## ASSIGNMENT
Nothing in the data should change when you return it, but leave the pictures out.
****************
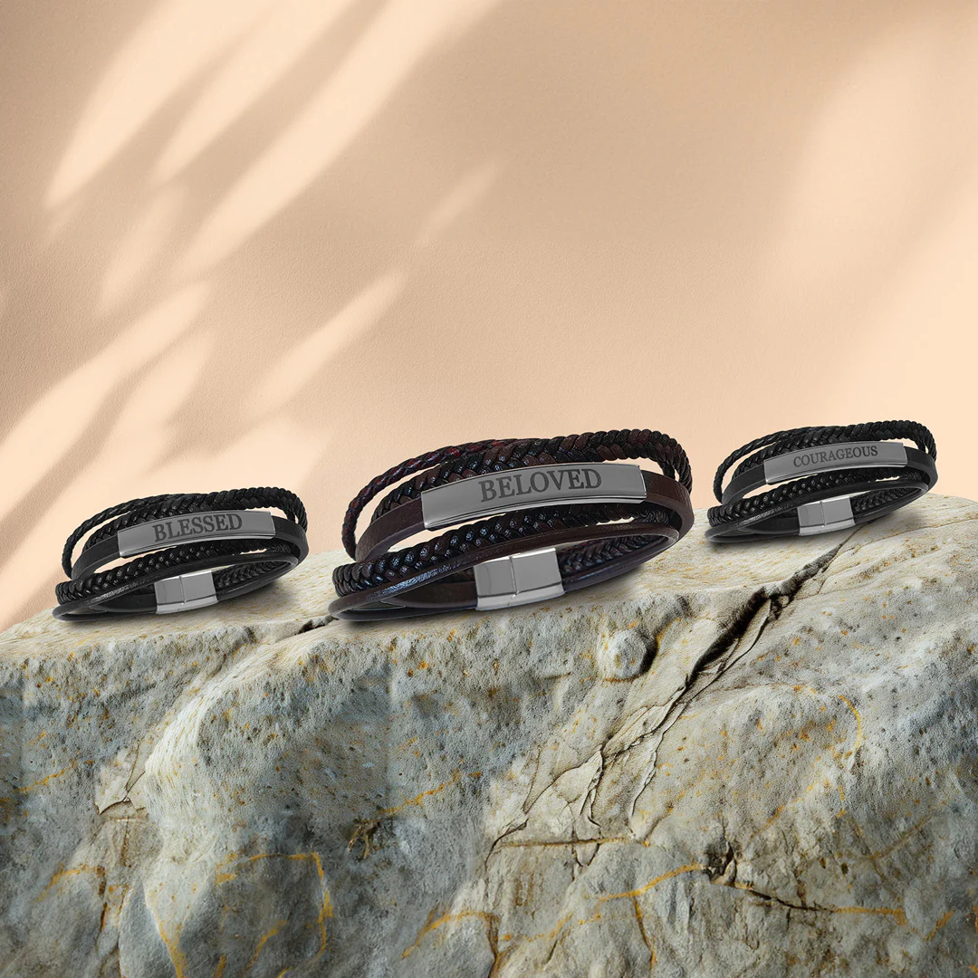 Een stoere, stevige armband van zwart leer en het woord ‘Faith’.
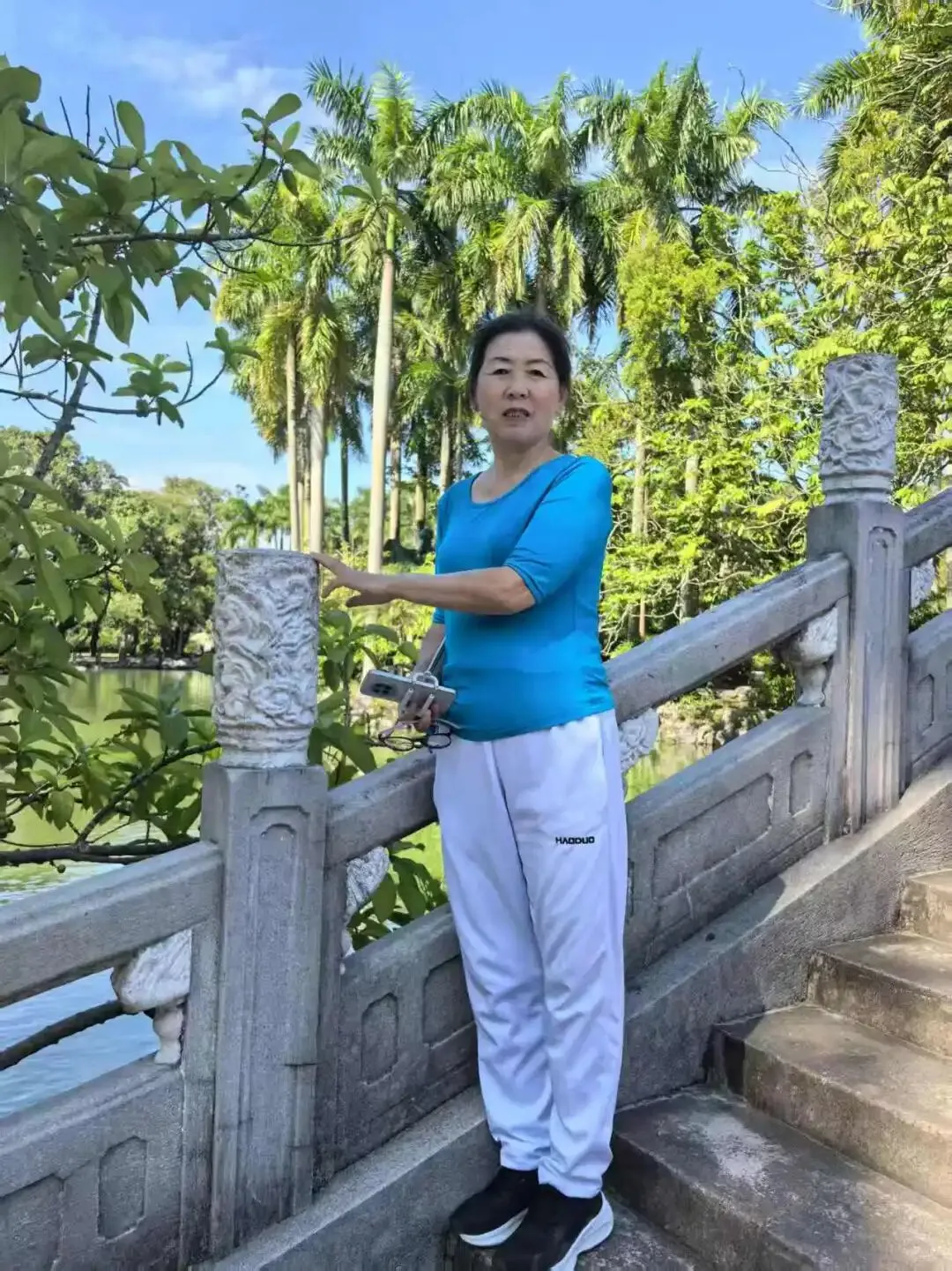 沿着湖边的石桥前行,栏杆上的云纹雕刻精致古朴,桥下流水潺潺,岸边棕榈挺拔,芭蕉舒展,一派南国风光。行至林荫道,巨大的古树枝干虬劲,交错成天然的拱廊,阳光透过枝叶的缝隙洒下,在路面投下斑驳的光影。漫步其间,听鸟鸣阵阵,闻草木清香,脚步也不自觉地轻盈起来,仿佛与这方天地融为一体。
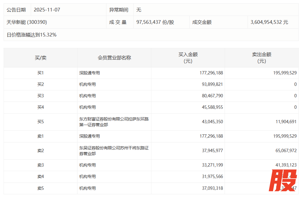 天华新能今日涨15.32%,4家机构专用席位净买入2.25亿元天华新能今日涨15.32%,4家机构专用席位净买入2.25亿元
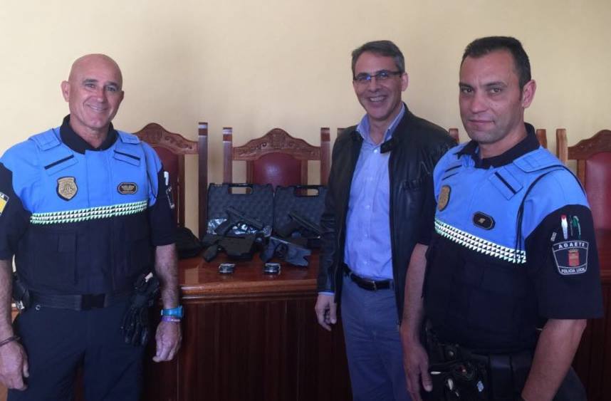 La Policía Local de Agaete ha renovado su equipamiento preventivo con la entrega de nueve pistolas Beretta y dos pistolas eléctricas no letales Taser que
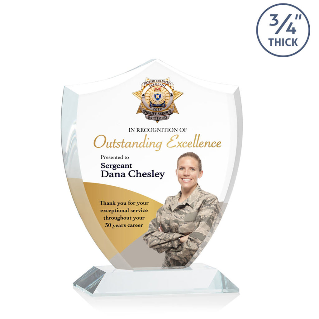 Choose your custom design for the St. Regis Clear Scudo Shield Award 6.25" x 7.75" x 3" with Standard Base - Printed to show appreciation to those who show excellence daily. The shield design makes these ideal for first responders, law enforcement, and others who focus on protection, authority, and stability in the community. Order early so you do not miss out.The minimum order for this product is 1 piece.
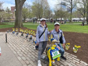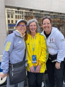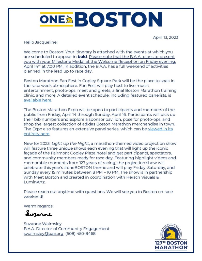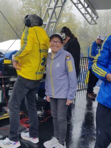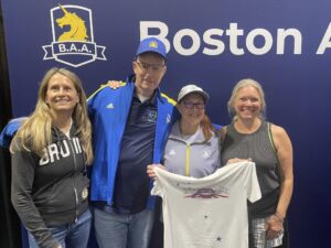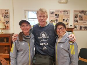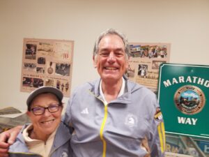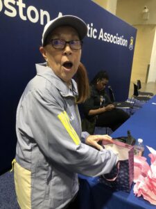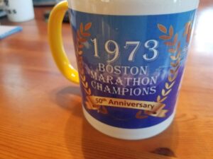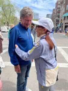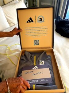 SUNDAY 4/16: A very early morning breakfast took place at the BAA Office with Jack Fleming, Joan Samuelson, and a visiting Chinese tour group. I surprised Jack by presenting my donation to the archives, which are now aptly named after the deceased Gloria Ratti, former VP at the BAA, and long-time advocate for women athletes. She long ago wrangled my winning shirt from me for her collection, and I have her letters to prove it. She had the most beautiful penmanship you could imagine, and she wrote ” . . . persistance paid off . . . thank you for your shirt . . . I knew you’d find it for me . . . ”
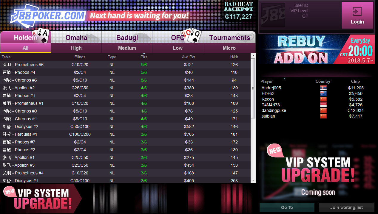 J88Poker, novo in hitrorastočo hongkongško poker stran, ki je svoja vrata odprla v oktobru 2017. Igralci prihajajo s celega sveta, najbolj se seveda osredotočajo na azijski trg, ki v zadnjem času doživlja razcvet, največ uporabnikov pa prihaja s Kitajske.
****************
## RESPONSE TO THIS TASK
 Een stoere, stevige armband van zwart leer en het woord ‘Faith’.
 沿着湖边的石桥前行,栏杆上的云纹雕刻精致古朴,桥下流水潺潺,岸边棕榈挺拔,芭蕉舒展,一派南国风光。行至林荫道,巨大的古树枝干虬劲,交错成天然的拱廊,阳光透过枝叶的缝隙洒下,在路面投下斑驳的光影。漫步其间,听鸟鸣阵阵,闻草木清香,脚步也不自觉地轻盈起来,仿佛与这方天地融为一体。
 天华新能今日涨15.32%,4家机构专用席位净买入2.25亿元天华新能今日涨15.32%,4家机构专用席位净买入2.25亿元
 La Policía Local de Agaete ha renovado su equipamiento preventivo con la entrega de nueve pistolas Beretta y dos pistolas eléctricas no letales Taser que
 Choose your custom design for the St. Regis Clear Scudo Shield Award 6.25" x 7.75" x 3" with Standard Base - Printed to show appreciation to those who show excellence daily. The shield design makes these ideal for first responders, law enforcement, and others who focus on protection, authority, and stability in the community. Order early so you do not miss out.The minimum order for this product is 1 piece.
 SUNDAY 4/16: A very early morning breakfast took place at the BAA Office with Jack Fleming, Joan Samuelson, and a visiting Chinese tour group. I surprised Jack by presenting my donation to the archives, which are now aptly named after the deceased Gloria Ratti, former VP at the BAA, and long-time advocate for women athletes. She long ago wrangled my winning shirt from me for her collection, and I have her letters to prove it. She had the most beautiful penmanship you could imagine, and she wrote ” . . . persistance paid off . . . thank you for your shirt . . . I knew you’d find it for me . . . ”
 J88Poker, novo in hitrorastočo hongkongško poker stran, ki je svoja vrata odprla v oktobru 2017. Igralci prihajajo s celega sveta, najbolj se seveda osredotočajo na azijski trg, ki v zadnjem času doživlja razcvet, največ uporabnikov pa prihaja s Kitajske.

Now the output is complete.